Glossary of Culturally Response Concepts and Terms Used in the Rubrics

This glossary is composed of terms and concepts that appear in the rubrics. The definitions and clarifications herein represent the opinions, experience, and discourse of the authors about what these terms mean within the context of the rubrics.

Culturally Responsive Concepts

  • Accessibility - access to facilities, materials, and resources.
  • Culturally responsive practices/culturally responsive schools/cultural responsiveness - culturally responsive practices are those that uplift multiple cultures as valuable and do not prioritize one culture, set of values, or beliefs as superior to others. Culturally responsive schools are those who use these kinds of practices. Cultural responsiveness is the intentional inclusion of the practices, resources, and ideas of the cultures of as many school education partners as possible.
  • Culture - the beliefs, practices, actions, and values of a particular group of people that make them distinctive. Features may include appearance, manner of speaking (sometimes language), place of origin, and religion..
  • Equity - A state of individual and social systems wherein opportunity and experience of individuals are similar no matter their identity(ies).
  • Identity - race, gender, sexual orientation, age, religion, physical attributes and ability levels, and communities of belonging.
  • Justice - when people are treated fairly by systems and institutions and when steps are taken to fix unfair things that have transpired.
  • Marginalized groups/students/communities/perspectives - cultures, ideas, identities, ability status, and races that are outside of a white heteronormative lens.
  • Privilege - the power held by individuals as a result of their identity(ies).

Terms used in the Rubrics

  • Action - anything that produces results or products.
  • Advocate - speak out and/or take actions that are designed to shift practice or policy.
  • Classroom and school culture - the manner in which students and adults work together, learn, and interact in the school building as well as the values they share.
  • Classroom assessments - assessments given to students during the course of ongoing instruction that can be written, oral, and of any length or format that allows teachers to evaluate student understanding and give feedback to students and parents.
  • Co-create - joint responsibility and attribution for creating particular work products.
  • Collaboration/collaborate - to work with others on an activity with high levels of exchange and reciprocity.
  • Community partners - any person who resides in the local community and has a relationship or interest in the support and development of students and the school.
  • Conceptual knowledge - understanding the meaning of specific concepts and engaging with them when they are present in reading, problem-solving, writing, or other curricular materials. 
  • Curricular planning - planning for the content that will be taught over a specific period of time.
  • Curricular resources - anything whether print, video, audio, software, fabricated, or produced that is used to teach students.
  • Education partners - any person with an interest in the support and development of students and the school.
  • Effort vs.

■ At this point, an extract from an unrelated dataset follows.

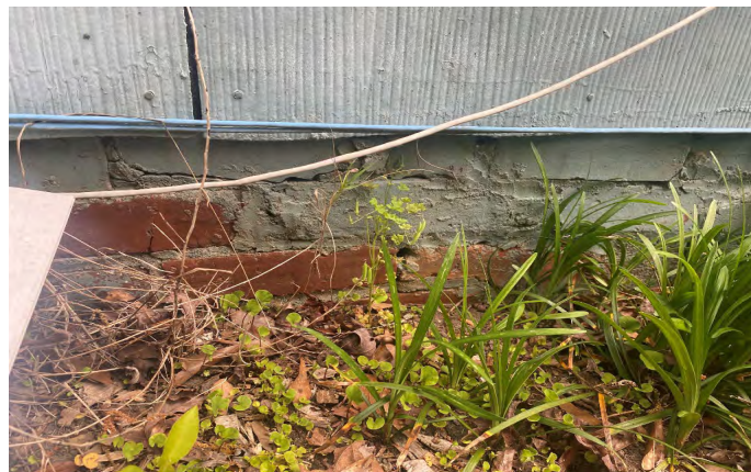
Brick Foundation rear facade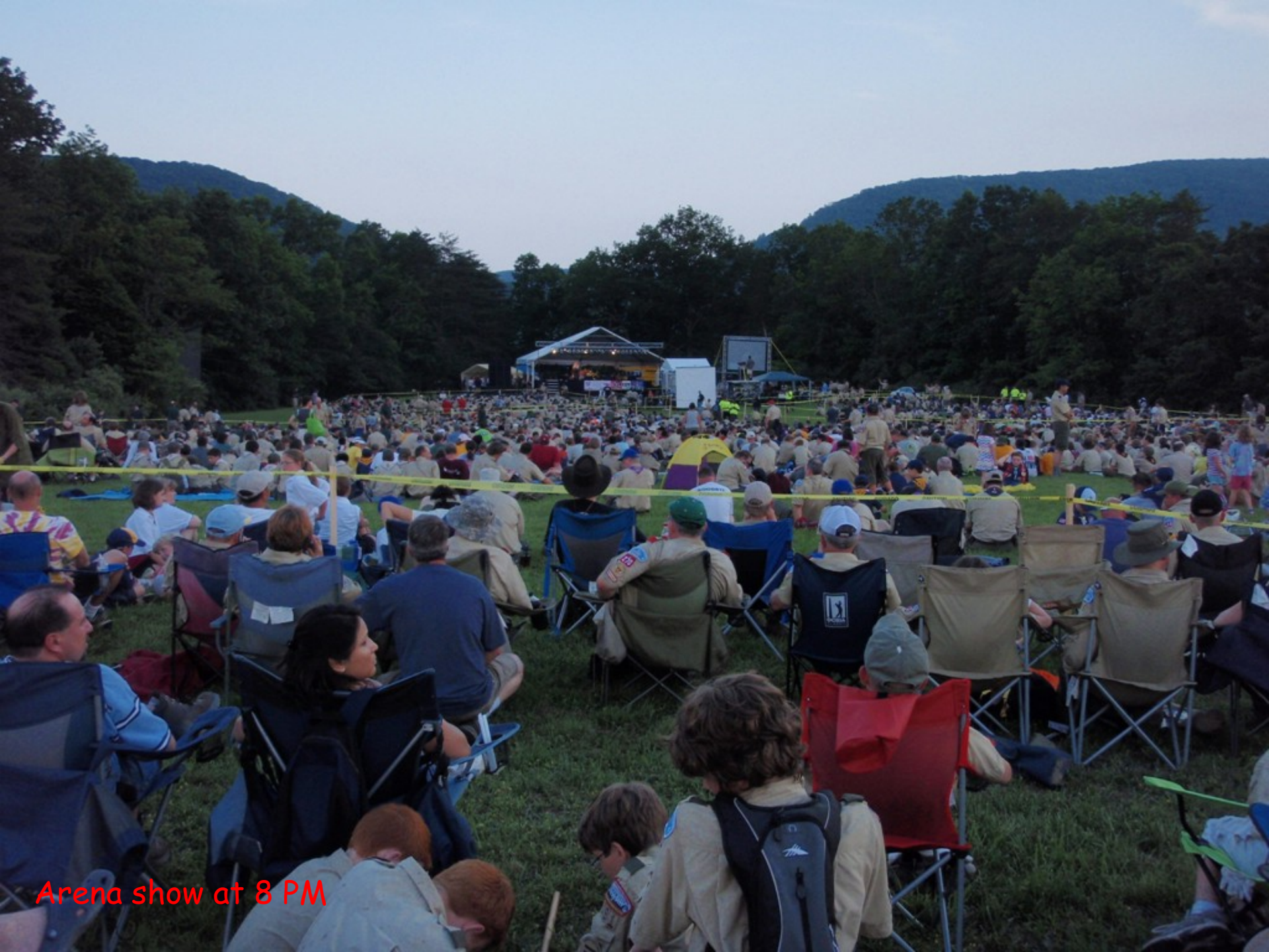
Arena show at 8 PM

Intentional effort - “intentional effort” refers to premeditated and planned actions to achieve a particular outcome whereas “effort” is more spontaneous or contemporaneous actions to achieve a particular outcome.
  • Encourage - using words that make desired outcomes more likely.
  • Feedback - a response to the work or thoughts of others that is constructive, positive, or growth-oriented; as opposed to destructive feedback, which is harmful to the receiver either by intention or accident.
  • Instructional planning - the plans for teachers’ delivery of the content of a lesson or unit.
  • Instructional rigor - aligned with learning standards, appropriate for a group of students, and likely to engage students intellectually at a level that leads to critical thinking.
  • Intentional effort vs. Effort - “intentional effort” refers to premeditated and planned actions to achieve a particular outcome whereas “effort” is more spontaneous or contemporaneous actions to achieve a particular outcome.
  • Local community - the people, businesses, institutions, churches, and environmental and cultural components that make up the surrounding geographic region where a school or district is located.
  • Ongoing training and support - training and support that occurs regularly over specific periods of time, e.g. weekly, biweekly, monthly, quarterly.
  • Ownership - the individual responsible for achieving particular goals and outcomes.
  • Professional learning - the development of school staff capacity to engage with their work more successfully and is a result of both formal and informal efforts at developing that capacity.
  • Resources of the community - any person, place, or thing that exists in the local community and can be used as a positive source of knowledge or experience for the school or district’s students.
  • Respond - addressing a question, issue, or need.
  • Rubricguiding questions that can help you think about experiences in your school.
  • Skill development/mastery - skill development is when students learn new skills that they can use in limited situations and mastery is when students can apply those concepts in a variety of situations.
  • Social Emotional learning (SEL) - the development of knowledge and skills for navigating our internal and external emotions; also a set of skills that govern our interpersonal interactions with peers, adults, and people we encounter.
  • Support - concrete actions beyond words to bring about desired outcomes.
  • Training - information, resources, discussions, experiences, and practice that develop individuals and/or teams.
  • “Work with” - taking actions alongside an individual or team (a lower level of exchange than collaboration).